Assume we are estimating a single parameter $\mu$, and given our data $ \mathcal{D}$ we hav calculated a posterior distribution $ \mathbb{P}(\mu | \mathcal{D})$. Because we may want to integrate the posterior over some area, because the posterior can be a complicated function to integrate, if the posterior has a single peak, we can estimate it by expanding the logarithm of the posterior around the peak.
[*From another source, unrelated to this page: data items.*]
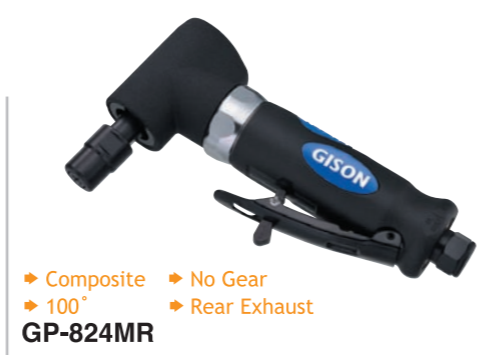
Composite 100° No Gear Rear Exhaust GP-824MR
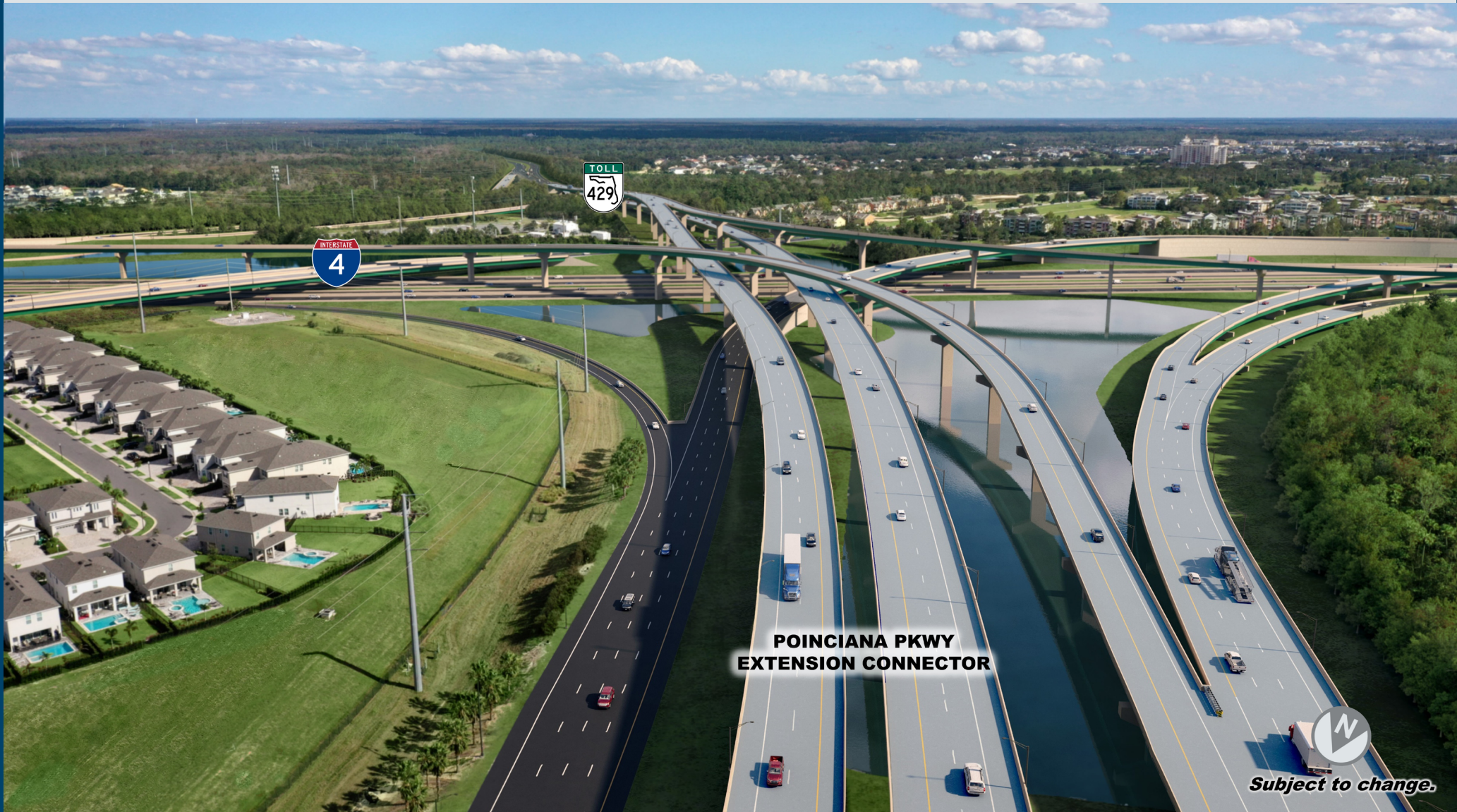
POINCIANA PKWY EXTENSION CONNECTOR
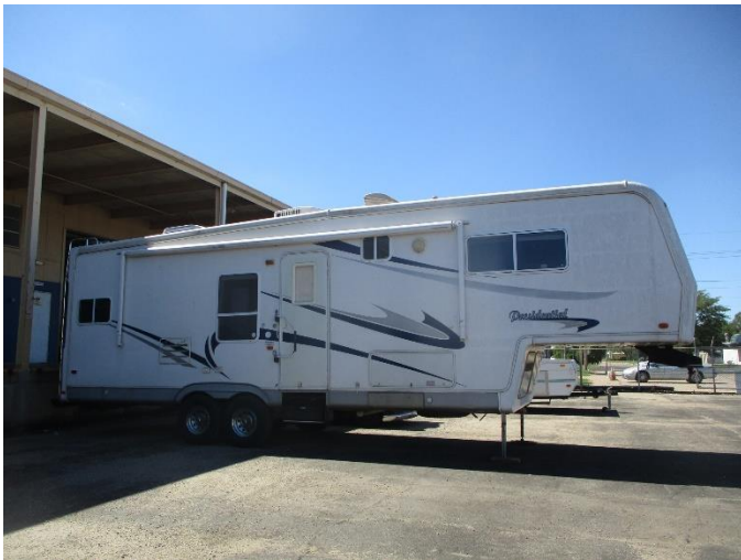
2003 HOLIDAY RAMBLER
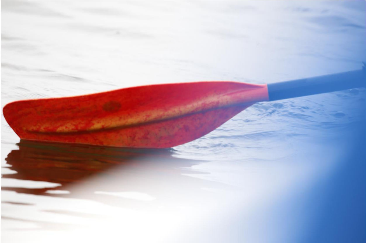
11th Place Kayak Paddle

scut-tle-butt 1 a: a cask on shipboard to contain fresh water for a day's use b: a drinking fountain on a ship or at a marine installation
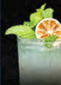
MOJITO 15.98 Rum, Mint, Soda
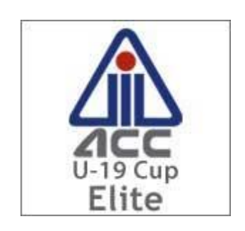
Group A: Hong Kong, Qatar, Malaysia, Singapore & Bahrain Group B: Afghanistan Nepal, UAE, Oman & Thailand

Thailand hosted the ACC Under-19 Elite Cup held in Bangkok & Chiang Mai from 1st to 10th February, 2011. The ACC Under-19 Elite Cup has 10 teams from across Asia take part. The teams were divided into two groups. Thailand managed to win 1 of their group matches against Oman. Thailand finished the tournament placed 8th and retained their Elite ranking. Afghanistan beat Nepal by 61 runs in the finals to claim the championship.
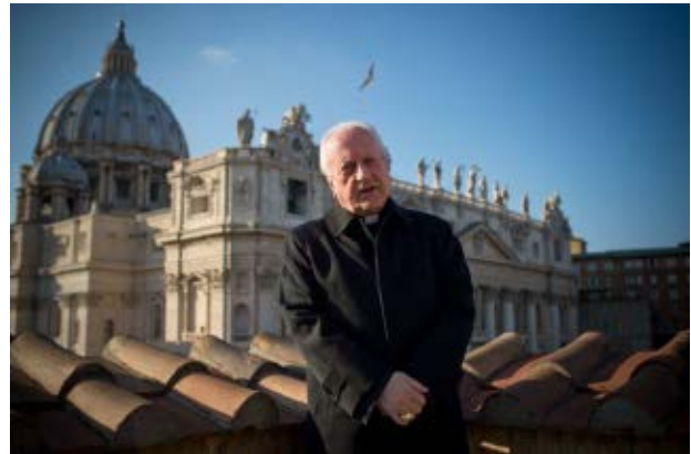
Cardinal Franc Rode

Vatikan - "Moli zame po slovensko," je novoizvoljeni papež Frančišek ob kratkem srečanju v Domu sv. Marte v Vatikanu dejal Francu Rodetu, je sporočil slovenski kardinal.
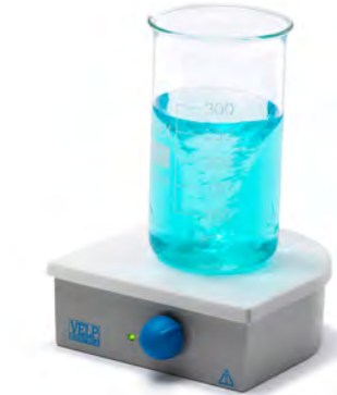
MST (Rowe Code IM2016)
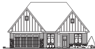
ALTERNATE FRONT ELEVATION 3
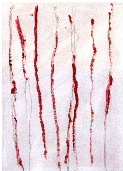
Left: Raoul De Keyser, No Title (8 Verticals/6) , 2010, oil on canvas mounted on wood, 11 x 8".
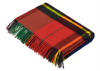
MANCHESTER TARTAN Lambswool

Let $\mu_*$ be the mode of the distribution, thus the peak of $ \mathbb{P}(\mu | \mathcal{D})$. 
We definde $L(\mu) = \log \mathbb{P}(\mu |\mathcal{D)$. Expanding this around $\mu_*$ with the taylor expansion gives us 

$$
L(\mu) 
\approx 
L(\mu_*) + 
\frac{\partial}{\partial \mu} L(\mu) \Bigr|_{\mu = \mu_*} (\mu - \mu_*)+
\frac{1}{2} \frac{\partial^2}{\partial \mu^2} L(\mu) \Bigr|_{\mu = \mu_*} (\mu - \mu_*)^2 + ...
$$
We only take the terms up to the second derivative as a good enough approximation. Because then $\frac{\partial}{\partial \mu} L(\mu) \Bigr|_{\mu = \mu_*} = 0$, because at $\mu_*$ the posterior has a maxima, we get 

$$
L(\mu) 
\approx 
L(\mu_*) + \frac{1}{2} L''(\mu_*) (\mu - \mu_*)^2
$$

Then setting $L''(\mu_*) = \frac{1}{\sigma^2}$ and taking the exponent we get a gaussian:

$$
\mathbb{P}(\mu | \mathcal{D}) = e^{L(\mu)} \approx e^{L(\mu_*)} e^{ - \frac{(\mu - \mu_*)}{2 \sigma^2}}
$$

Assume now that we have n parameters $ \mathbf{\alpha} = (\alpha_1, \alpha_2, ..., \alpha_n)$ and have a likelihood function $ \mathbf{P}(\mathcal{D} | \mathbf{\alpha})$. 
Using a uniform prior we get the posterior $ \mathbb{P}(\mathbf{\alpha} | \mathcal{D}) \propto \mathbf{P}(\mathcal{D} | \mathbf{\alpha})$. The value $ \mathbf{\alpha}^*$ then maximizes the posterior.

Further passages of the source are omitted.